Article Preview
TopIntroduction
Clustering is a widely used data mining technology. A cluster generated by a clustering algorithm is a set of data objects, which are similar to the objects in the same cluster, but different from the objects in other clusters. Many clustering methods have been proposed, such as hierarchical clustering, fuzzy clustering, K-Means clustering etc.
Program clustering refers to the clustering technology applied to the software field. It identifies and groups programs with similar attributes. It is widely used in program analysis and software maintenance, such as comprehension complex software systems (Mahmoud & Niu, 2013; Timothy & Nicolas, 2002), optimizing software architecture (Lung et al. 2006; Demme & Sethumadhavan, 2012), predicting software defects (Seliya & Khoshgoftaar, 2007), software evolution (Scanniello & Marcus, 2011), to improve the quality of software. Because software exists in various control systems, such as fuzzy systems, security-critical systems and so on, program clustering algorithm has received extensive attention.
We tried to apply program clustering in automatic repair of student programs. With the development of MOOCs and online educations, how to provide students with automatic feedback and assistance has become an urgent problem to be solved. Especially for the practical programming courses, the problem is more urgent. In the process of programming practice, students often encounter various errors that make their programs unable to run correctly. However, the current on-line programming system cannot prompt students the specific location of errors or the fixing scheme. Therefore, it is of great value to analyze student programs automatically and provide suggestions for fixing bugs.

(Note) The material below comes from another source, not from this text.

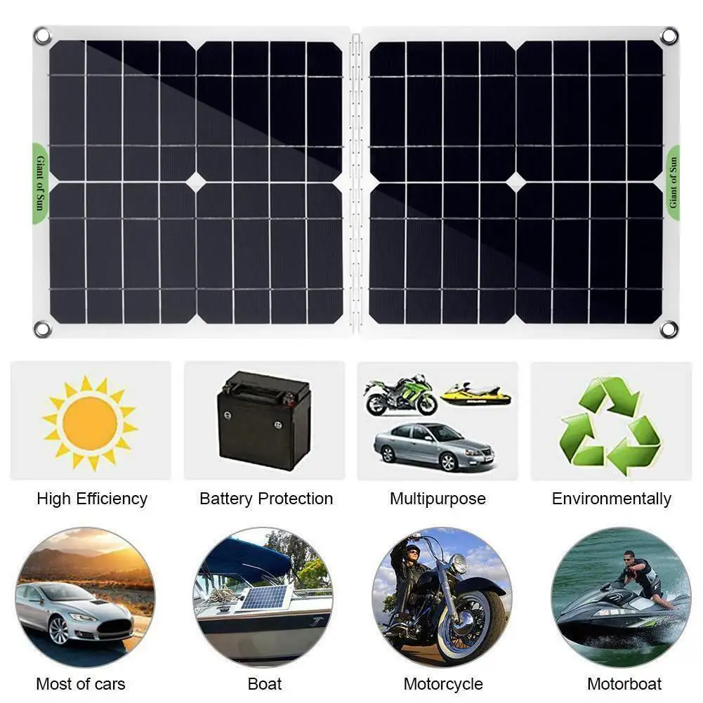 Особенности:Эта панель солнечных батарей комплект нового метод преобразования в два раза рабочая сила солнечного выхода с одной и той же области и мощности.2-полосная выходное напряжение солнечной энергии делится на 18v & 9v 12V & 6V переключения передач. В соответствии с одной и той же области питания, выходной ток солнечная панель пары, что позволяет заряжать автомобили, мобильные телефоны, компьютеры и батареи в одной и той же среде. Повышение эффективности и удвоенная скорость зарядки.Продукт является гибким и складной может быть присоединен к гладкую поверхность с определенной амплитуды (например, устанавливаемый на крыше автомобиля).Характеристики (о):Материал: PET + монокристаллического кремния ячейкиВодонепроницаемый Рейтинг: IP65Коэффициент конверсии солнечной энергии: 20%Pmax: 100WVpmax: 18 В/12 В/9 В/6 вNOCT (Номинальная рабочая температура камеры): 40-85 °CРазмеры: 575x280x2.5 мм/22.64x11.02x0.1inМакс Солнечный Входной сигнал:Перезаряжаемую батарею 12V, аккумуляторную батарею самым высоким 23V24V батарея в тех случаях, когда высокий 46VВыравниванием: 14,4 V/14,2 V/14,6 VПлавающего заряда: 18 в/12 В/9 В/6В/5 вольт постоянного тока (по умолчанию, регулируемый)USB Выход напряжение:Выход постоянного тока: 18V 3.81AНапряжение на выходе USB: 5В 3.8A (макс)TYPE-C мощность на выходе: 5 В пост 3.8AСамо-потребляют по уровню поверхности:<10mAОмывателем температуры:-35-60 ℃Цвет: черный10A контроллера:Особенности:1. Встроенный промышленный микро-контроллер.2. Полностью 4-ступенчатая ШИМ Контроллер заряда.3. Настройка одной кнопки, цифровой дисплей, функция автоматической памяти.4. Двойная защита от обратного тока mosfet, низкая теплоотдача.5. Встроенная защита от короткого замыкания, защита от открытого замыкания, защита от обратного хода, защита от перегрузки.Технические характеристики:Модель: ШИМНизкое Напряжение зарядки: 18,8 VПоплавковый заряд: 17,4 вНапряжение на выходе USB: 5В/3AСамо-потребляют по уровню поверхности: <10mAОстановка разряда: 11,4 вНапряжение: 12 В/24 В постоянного токаМакс солнечная Входная сила по уровню поверхности: <30V• Сила тока: 10AНоминальный рабочий ток: ≤ 20AРазряда Повторное подключение: 10,2 VРабочая температура: -35 ℃ ~ 60 ℃Выход напряжение: 12В/24В Автоматическое различие напряженияУпаковочный лист:1 * Складная 100 Вт Панели солнечные с аксессуарами1 * Панели солнечные Батарея контроллер заряда1 * Руководство пользователяПримечания:1. Пусть солнечная панель солнечной батареи уход за кожей лица с солнцем, и светодиодный индикатор выхода коробка загорается красным цветом. Затем солнечная панель начинает работать. USB розетка выход 5,2 v напряжение постоянного тока, DC круговой розетка выход 18v Прямая зарядка с помощью разъема напряжение (В тех случаях, когда вы имеете обратиться к блок переключатель, H Блокировка выходного напряжения постоянного тока 12v & 18V-L Блокировка постоянного тока Выходное напряжение 6В и 9v.2. Этот продукт не рекомендуется заряжать мобильный телефон непосредственно. Она должна использоваться вместе с зарядной банка, который может использоваться для зарядки мобильный телефон, планшет, компьютер и другие электронные продукты.3. Подключите к аккумулятору, подключите зажим типа крокодил постоянного тока с выходным напряжением постоянного тока 18 в (20 в, когда нет нагрузки). Примечание: положительные и отрицательные зажимы типа «крокодил» не должны быть подключены или тронуты в ис

Correct template programs written by teachers can provide useful guidance for bug fixing. However, writing templates increases the workload of teachers, and the templates provided may not be comprehensive. In the process of programming exercises or examination, a large number of student programs can be obtained. Many of these programs are correct and can be used as potential template programs. But student programs that implement the same programming task may have similar implementation forms or may be implemented in different ways. This requires analysis of these potential templates, removing redundant similar programs, and retaining multiple different implementations as templates. In addition, in the process of fixing bugs, the template program similar to that of the buggy program, can provide better reference for the revision of the buggy program, and avoid unnecessary modifications. The template programs identification problem can be solved by program clustering.
Most of the existing program clustering methods only analyze the static properties of programs but lack the consideration of execution information. This limits these methods in identifying the functional equivalent programs with code variations. Therefore, the purpose of this paper is to solve this problem and apply program clustering in automatic repairing of programs.
The contributions are as follows. A program clustering method considering both the structural metrics and execution value sequences is proposed. Not only the programs with similar structure can be identified, but also the programs with similar execution behavior can be recognized. By doing this, whether two functional equivalent programs adopt the same algorithm can be judged by the similarity of execution sequences.